• Kafka 0.8 Controller设计机制和状态变化


    在kafka集群中,其中一个broker server作为中央控制器Control,负责管理分区和副本状态并执行管理着这些分区的重新分配。

    下面说明如何通过中央控制器操作分区和副本的状态。

    名词解释

    • isr:同步副本组
    • OfflinePartitionLeaderSelector:分区下线后新的领导者选举
    • OAR:老的分配副本
    • PartitionStateChange: 分区状态

    1 PartitionStateChange

    1.1 其有效状态如下:

    • NonExistentPartition: 这种状态表明该分区从来没有创建过或曾经创建过后来又删除了。
    • NewPartition:创建分区后,分区处于NewPartition状态。在这种状态下,还没有Leader/ISR组。
    • OnlinePartition:一旦一个分区Leader被选出,就会处于该状态。
    • OfflinePartition:如果分区Leader成功选举后,当Leader分区崩溃或挂了,分区状态转变为该状态。

    1.2 其有效的状态转移如下:

    • NonExistentPartition -> NewPartition : 集群Controller根据计算规则,从zk中读取分区信息,创建新partition和replica。(?什么样的计算规则?
      1. 首先将第一个可用的副本broker作为leader broker并把所有可用的副本对象都装入ISR,然后写leader和ISR信息到zookeeper中保存
      2. 对于这个分区而言,发送LeaderAndIsr请求到每个可用的副本broker,以及UpdateMetadata请求到每个可用的broker上
    • NewPartition -> OnlinePartition :
      1. 分配第一个alive的副本作为分区leader,并且该分区所有replica作为一个同步复制组(ISR),将这些信息(Leader和ISR数据) 写到zk中。
      2. 对于这个分区,发送LeaderAndIsr请求给每一个replica分区和并发送UpdateMetadata请求到每个活者的broker server。目的是让所有的Broker都拥有全局的partition信息。
    • OnlinePartition,OfflinePartition -> OnlinePartition:
      1. 为该分区选取新的leader和ISR以及接收LeaderAndIsr请求的一组副本,然后写入leader和ISR信息到zookeeper中保存。

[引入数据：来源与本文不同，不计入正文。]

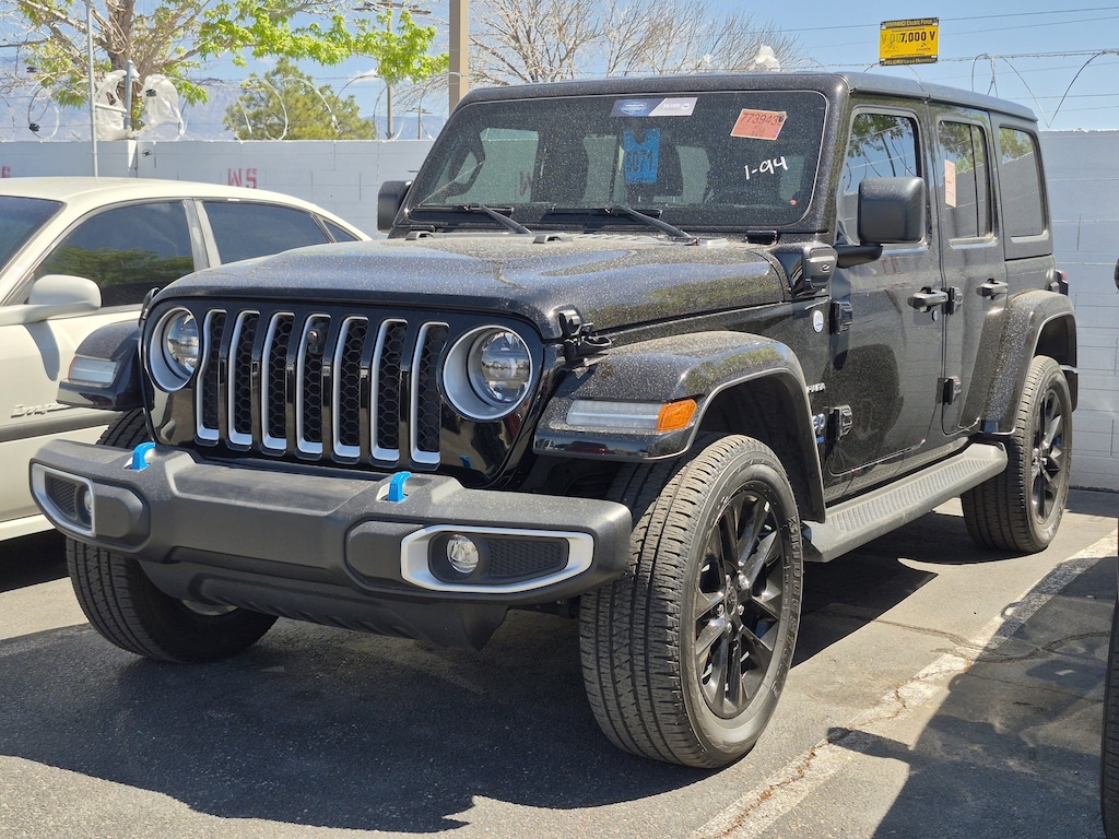 This 2023 Black Clearcoat Jeep Wrangler Sahara 4xe 4WD is well equipped and includes these features and benefits: Cold Weather Group (Heated Front Seats and Heated Steering Wheel), Quick Order Package 29P Sahara, Trailer Tow & Aux Switch Group (700 Amp Maintenance Free Battery and Auxiliary Switches), 2.0L I4 DOHC, 3.73 Rear Axle Ratio, 4-Wheel Disc Brakes, 9 Speakers, ABS brakes, Air Conditioning, Alloy wheels, AM/FM radio: SiriusXM, Anti-Spin Differential Rear Axle, Apple CarPlay/Android Auto, Auto-dimming Rear-View mirror, Automatic temperature control, Black 3-Piece Hard Top, Brake assist, Compass, Delay-off headlights, Driver door bin, Driver vanity mirror, Dual front impact airbags, Dual front side impact airbags, Electronic Stability Control, Emergency communication system: SiriusXM Guardian, Freedom Panel Storage Bag, Front anti-roll bar, Front Bucket Seats, Front Center Armrest w/Storage, Front dual zone A/C, Front fog lights, Front License Plate Bracket, Front reading lights, Fully automatic headlights, Garage door transmitter, Heated door mirrors, Illuminated entry, Integrated Off-Road Camera, Integrated roll-over protection, Leather Shift Knob, Low tire pressure warning, Navigation System, Occupant sensing airbag, Outside temperature display, Panic alarm, ParkView Rear Back-Up Camera, Passenger door bin, Passenger vanity mirror, Power door mirrors, Power steering, Power windows, Premium McKinley Trimmed Seats, Radio data system, Radio: Uconnect 4C Nav w/8.4 Display, Rear anti-roll bar, Rear reading lights, Rear seat center armrest, Rear Window Defroster, Rear Window Wiper/Washer, Remote keyless entry, Security system, Side Steps, Speed control, Split folding rear seat, Sport Suspension, Steering wheel mounted audio controls, Tachometer, Telescoping steering wheel, Tilt steering wheel, Traction control, Trip computer, Variably intermittent wipers, Voltmeter, and Wheels: 20 x 8 Fully Painted Aluminum. Recent Arrival!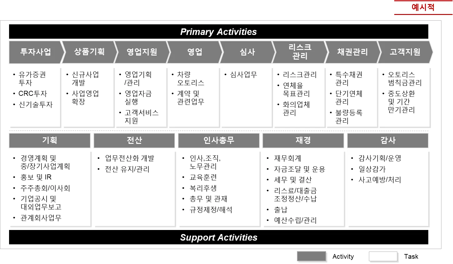 전사 사업·전략 수행을 위한 일련의 Activities를 기준으로 유사 과업을 구분하여 도출된 Value Chain은 아래와 같습니다.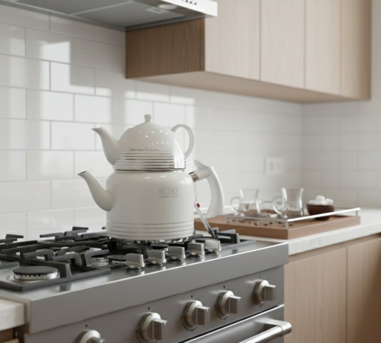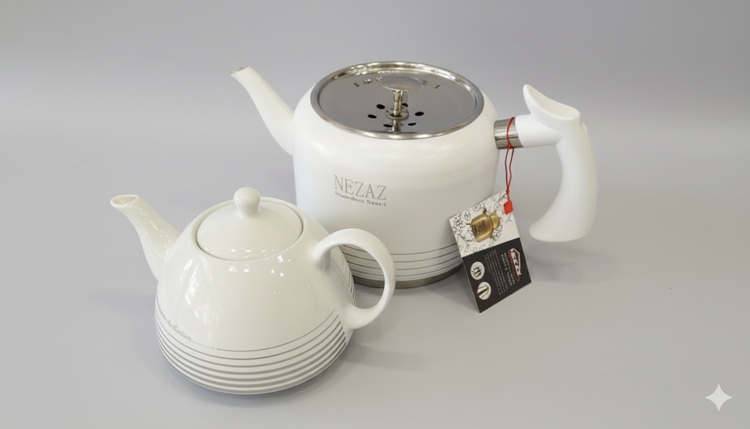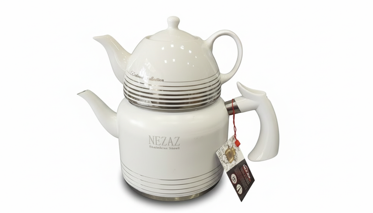 کتری قوری نزاز 2.5 لیتری لوله دار سفید کد 2406

。
        • OfflinePartitionLeaderSelector
        • ReassignedPartitionLeaderSelector
        • PreferredReplicaPartitionLeaderSelector
        • ControlledShutdownLeaderSelector
      2. 对于这个分区,发送LeaderAndIsr请求给每一个接收副本和UpdateMetadata请求到每个broker server
    • NewPartition,OnlinePartition -> OfflinePartition:表示分区下线状态
    • OfflinePartition -> NonExistentPartition: 表示分区不存在状态

    2 ReplicaStateChange

    2.1 有效状态如下:

    • NewReplica:当创建topic或分区重新分配期间,replica被创建。在这种状态下,副本只能成为Follower。
    • OnlineReplica:一旦此分区一个副本启动且部分分配副本,将处于在线副本状态。在这种状态下,它可以成为Leader或成为Follower
    • OfflineReplica:每当broker server副本宕机或崩溃发生时,如果一个副本崩溃或挂了,它将变为此状态。
    • NonExistentReplica:如果一个副本被删除了,它将变为此状态。

    2.2 有效状态转移如下:

    • NonExistentReplica - - > NewReplica: 使用当前Leader和isr分区发送LeaderAndIsr请求到新副本和UpdateMetadata请求给每一个存活borker
    • NewReplica - > OnlineReplica : 添加新的副本到副本列表中
    • OnlineReplica,OfflineReplica - > OnlineReplica: 使用当前领导者和isr分区发送LeaderAndIsr请求到新副本和UpdateMetadata请求给每一个存活borker
    • NewReplica,OnlineReplica - > OfflineReplica
      1. 发送StopReplicaRequest到相应副本(w / o删除)
      2. 从isr和发送LeaderAndIsr请求重删除此副本(isr)领导者副本和UpdateMetadata分区每个存活broker。
    • OfflineReplica - > NonExistentReplica : 发送StopReplicaRequest到副本(删除)

    3.KafkaController操作:

    3.1 当新建topic时,调用方法onNewPartitionCreation

    3.2 当创建新分区时:

    1. 创建新分区列表 -> 调用方法NewPartition
    2. 创建所有新分区副本 -> 调用方法NewReplica
    3. 新分区在线列表 -> 调用方法OnlinePartition
    4. 新分区所有在线副本 -> OnlineReplica

    3.3 当broker失败或挂掉时:

    1. 当前broker所有领导者分区为下线分区 -> 调用方法OfflinePartition
    2. 下线和在线分区列表 -> OnlinePartition (使用下线分区Leader election)
    3. 在broker上所有fail副本 -> OfflineReplica

    3.4 当broker启动时:

    1. 发送UpdateMetadate请求给新启动broker的所有分区。
    2. 新启动broker的分区副本-> OnlineReplica
    3. 下线和在线分区列表 -> OnlinePartition (使用下线分区领导者选举)
    4. 当新的broker启动时,对于所有分区副本,系统会调用方法onPartitionReassignment执行未完成的分区分配。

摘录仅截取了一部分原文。